Visiting foreign journalists call out Trump's increasingly erratic behavior. Why won't the DC press?

Visiting foreign journalists call out Trump's increasingly erratic behavior. Why won't the DC press?
President Donald J. Trump talks to members of the press on the South Lawn of the White House Friday, Aug. 30, 2019, prior to boarding Marine One to begin his trip to Camp David near Thurmont, Md. (Official White House Photo by Joyce N. Boghosian)

Donald Trump's stupefying public performances last Wednesday as the widening collusion scandal continued to gain momentum were stunning, even by his erratic standards. Trump uncorked rambling, incoherent, angry, whiny monologues that were filled with lies and rattled conspiracy theories. That's when he wasn't yelling at a Reuters reporter and threatening to sue members of Congress. Incredibly, both disturbing Alex Jones-style performances were delivered inside the White House by a sitting American president.

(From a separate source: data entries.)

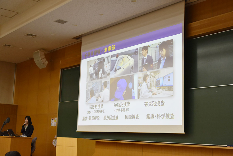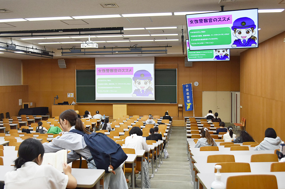 10月14日(火)、千葉県警察本部の女性警察官の方をお招きして、「女性警察官キャリア紹介~警察の仕事を知ろう~セミナー」を開催しました。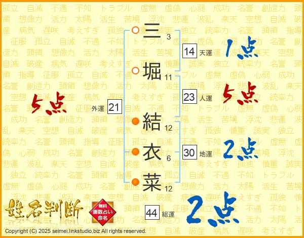 三堀結衣菜さんの総運は44画の2点!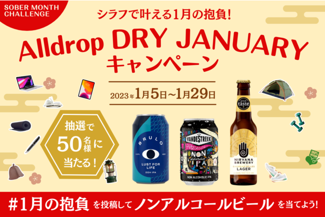 2023年1月29日までに「#1月の抱負」をSNSで発表してくださった方の中から、抽選で「Dry January」におすすめのノンアルコールビールをプレゼント! Alldropメンバーも抱負実現へ向けて1ヶ月シラフで走ります!その模様は随時インスタライブで配信!新年のスタート1月に夢中で何かに挑戦してみませんか?達成した時の特別な気持ちをみんなでシェアしましょう!みなさんのご応募お待ちしています!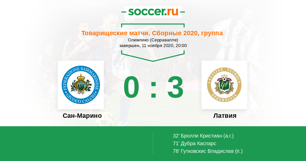 Протокол матча Сан-Марино против Латвия

The two sessions with reporters advertised an unstable man who clearly is not attached to reality and has no interest trying to be. They featured a president who had trouble articulating coherent thoughts and who lied at an astonishing rate. They really did perfectly capture the lunacy that has become the Trump presidency. But how did the Beltway press cover the mighty Trump meltdown, and specifically his joint press conference with the president of Finland?

Much of the Beltway press whitewashed the event, watering it down to seem as if Trump had merely been contentious and aggressive. Trump was in a "stormy" mood, according to The New York Times. Meanwhile, The Washington Post depicted the entire debacle as merely a "fiery," "combative" event (a "roller coaster"), and the Wall Street Journal stressed Trump's "free wheeling style." For news consumers, "stormy," "fiery" and "free wheeling" don't sound like there's reason for alarm, right? Those descriptors seem almost normal. They represent acceptable behavior by mainstream politicians, and don't even hint that Trump might be some kind of sociopath who uncorked epic, shocking meltdowns in plain view last week.

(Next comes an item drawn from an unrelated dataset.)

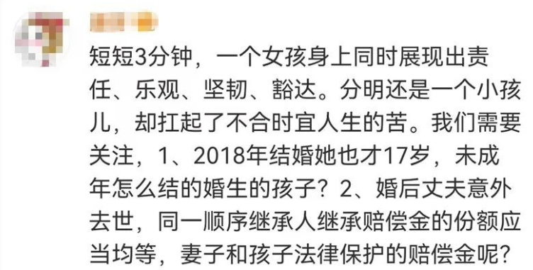 博主开门见山问:“你(那么早)结婚,是冲动型吗?”小陈表示,“不是(冲动),就是只要不读书,就有人跟你相亲。”博主问起了小陈的另一半,她表示,2019年丈夫已经因为车祸去世。这个答案再次震惊了博主。小陈介绍,当时女儿只有五六个月大,丈夫去世后不到一个月,她的婆婆拿到了赔偿金,便将她和女儿赶走了。“在江西那边延续只能是儿子,女儿不算。”说到丈夫去世尚且能一笑而过的她,讲到这时把口罩戴了回去,眼里含着泪,时不时低下头。博主一时不知道怎么接话,只能泛泛地感叹一句“真不容易啊”。但小陈的语气又好像轻松起来:“这有什么不容易的,现在不吃苦什么时候吃苦啊,对不对?才21岁,正是吃苦的时候。”刚开始送外卖时,小陈把半岁的宝宝背在胸前。后来孩子稍微大一点,白天可以暂时留在出租屋里或是托人照料,晚上再母女一块出来跑单。博主忍不住问,那要遇到没电梯、需要爬楼的单子怎么办?“年轻人不爬楼谁爬楼啊?”小陈说着,自己忍不住笑了起来。小陈表示,自己之所以离开江西老家,来到安徽安庆工作,是因为父母不同意自己带着孩子,“因为你(才)21岁,以后可能有更好地生活。”但她坚定地表示,自己不是这么想的,“我既然生下她,肯定要负责任的呀。”话锋一转,小陈也表示理解自己的父母:“我妈妈是为了我好,她心疼她自己的女儿,但我也心疼我女儿,她(女儿)在都是我想过的生活。”小陈表示,自己这两年遇到了很多好心人。自己送外卖不能照顾女儿时,会把女儿放在一家熟识的麦当劳店里,工作人员“对她(女儿)很照顾”。被问及现在的打算时小陈说,要挣钱把孩子养大,上大学,“不能像我一样那么早就结婚吧。”她说自己的短期愿望是“买个小房子,小小的就行,她(女儿)能跟我住一起就行”。说话时,她的眼睛亮晶晶的,满是笑意。博主夸奖,“太伟大了,为母则刚”,小陈点点头,想了想又补充道“不过硬扛”。聊天结束时,博主想给孩子一个红包,但小陈微笑着却坚定地拒绝了:“这是个人的底线,你不能触碰我的底线,这我真不要。”评论中获得最高赞的网友表示,自己就是安庆的,对这个女孩子印象深刻,“前两年上班的时候,下午茶点瑞幸就是她送来的,当时她背着个好小的宝宝,我们整个售楼部都震惊了……后来有次晚上十点多跟朋友吃麦当劳,又看到她背着孩子取餐……”这条侧面证明小陈带着女儿送外卖真实性的评论,也让很多网友释然:“之前看到这段视频非常感动,但多机位的拍摄又让我生怕是自媒体在编故事,现在安心了。这片土地真正的希望就是和这位女孩一样的那部分普通人。”有人则表示十分心疼小陈,“21岁哪里是应该吃苦的年纪。”有人说,“不管是个人选择还是迫于无奈没有在读书,她都是一个自信勇敢善良的女生”,并直言,小陈面对困难的做法和心态,比大多数人强太多了。网友们感叹“生活的苦难与不公没有压垮她,反而更加坚韧地去直面生活”,小陈的落落大方也让不少网友赞叹,有人也表示,“她越这样越让人觉得难过,不过这样努力生活的人应该也不需要别人的同情。”还有很多法律意识较强的网友,就“婆婆拿走全部赔偿金”一事提出质疑,认为婚后丈夫意外去世,同一顺序继承人继承赔偿金的份额应当均等,更何况小陈还有一个小婴儿要照顾,是否可以通过法律援助去争取一下赔偿金。对于这一点,小陈在后续视频中也有回应:婆婆年纪大了,还有个十几岁的孩子,“她也失去了一个儿子啊”。她表示,婆婆现在会“隔几个月给点钱之类的”,“我现在还年轻,我感觉我能养得起我女儿。”记者致电当地妇联询问相关情况。工作人员称,已经了解过这件事,并且去看望了小陈,具体内容不方便透露。视频中,小陈身穿顺丰同城急送的工作服。记者联系到顺丰同城公关部门负责人,该负责人表示,公司给予她个人一些物质上的资助,她都没有接受,已邀请她作为公司的公益大使。小陈本人拒绝了采访。上述负责人征求她的意见后回复说,她目前不想接受采访,只想好好跑单,“可能是觉得目前还没到那个地步。”小陈一直在自己的社交账号上分享和女儿的生活日常,第一个视频于2021年5月发布,已有粉丝14.2万,近几条视频获赞均过万。在最新的视频中,她配文称:“一次偶然的机会,让我得到很多网友的鼓励跟关心,只管努力,其他的就看天意”。她还表白自己的女儿:“只要女儿不受欺负,幸福快乐我就值得,世界很大,幸福很小,没有非常好的条件给你,但我尽量让你过得好,保护你。 ”有事找记者

But so it goes at the Trump White House, as American reporters have become accustomed to turning Trump's erratic, unstable performances into something that appears to be not so unusual. In contrast though, foreign journalists, and particularly foreign journalists who travel to the U.S. and watch Trump's bizarre actions in person, don't have the same interest in normalizing him. Stunned visitors covering the same president, and who are likely less concerned about maintaining White House access, often present a much more accurate, and far less filtered look at Trump's disturbing conduct.

In Finland, Trump's deranged press conference last week was dubbed a "Trump circus" by one leading newspaper, while a headline in the UK's Independent accurately called Trump's presser "rambling" and "furious." It seems journalists who view the Trump insanity from a different perspective aren't so circumspect about accurately describing the insanity that's unfolding in front of them.

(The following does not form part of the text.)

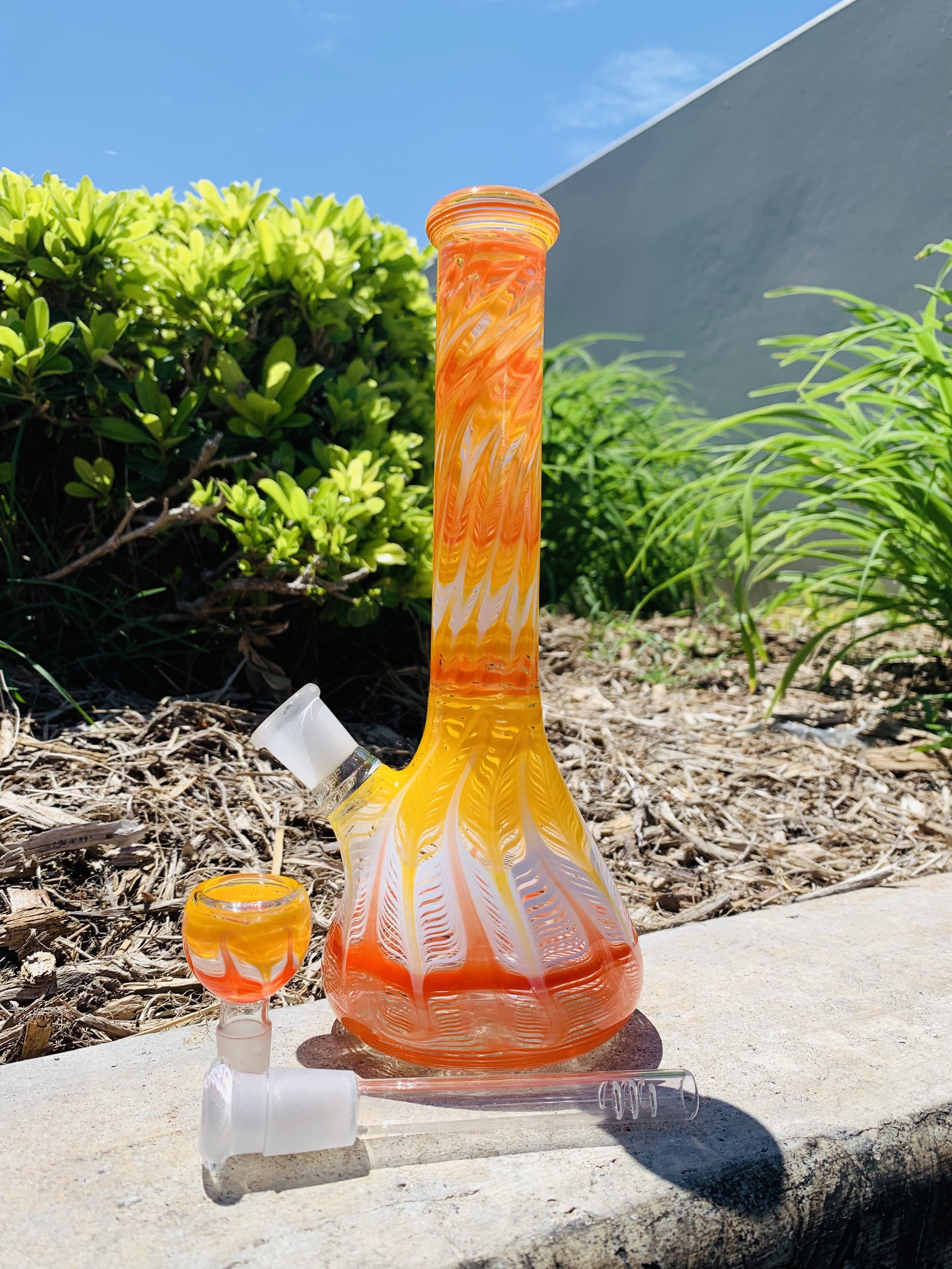 Smoke luxuriously with our beautiful Orange Crush beaker base 10-inch designer bong! This is the perfect bong for an active smoker whether it be yourself or a close smoker friend, this bong is sure to last through sesh after sesh!

When Australia's prime minister visited the White House last month and took part in yet another bizarre press event with Trump, one stunned Australian journalist covering the event turned to a Wall Street Journal reporter and asked, "Is it always like this?"

Also traveling to the U.S. from Australia recently, Guardian journalist Lenore Taylor wrote about how amazed she was to watch Trump speak in person for extended monologues, how utterly incoherent his comments were, and how often reporters clean up those comments in order to make them seem sensible and normal within the context of news articles. "Watching just one press conference helped me understand how the process of reporting about this president can mask and normalize his full and alarming incoherence," she wrote in a piece headlined, "As a foreign reporter visiting the US I was stunned by Trump's press conference."

Speaking of normalizing the incoherence, the Times described Trump's manic Wednesday meltdowns this way: "President Trump used two events at the White House with the president of Finland on Wednesday to challenge Democrats as they pressed ahead with their investigation into whether Mr. Trump had abused the power of his office in seeking political dirt from Ukraine." Pretty pedestrian, right?

Why the larger hesitation among the American press? Why the lack of necessary truth-telling? It's likely the same reason lots of large news organizations, to this day, won't call Trump a liar, even though he's on pace to tell more than 16,000 lies while in office. News outlets don't want to take heat from conservatives and from the administration for calling Trump a liar. So even though they've documented that he lies all the time, reporters opt for timid words like "falsehoods" to soften the blow.

The same is true with regard to Trump's increasingly unhinged behavior. I doubt there are many members of the Washington press corps who watch Trump's unsettling public screeds and think, “He seems stable, and I have no questions about his mental capacity.” They all know it's a pressing issue. But newsrooms don't want to suffer the backlash—the shouts of "Liberal media bias!"—that would target any journalists who tackle the story, even though it's so obviously newsworthy.

So instead of telling the truth regarding Trump's dangerously erratic behavior, we get watered-down "stormy" and "fiery"-type coverage from the Beltway media. Thankfully, outsider journalists often provide a fresh perspective. As impeachment heats up (along with Trump’s madness), we’re going to need that clear-eyed viewpoint.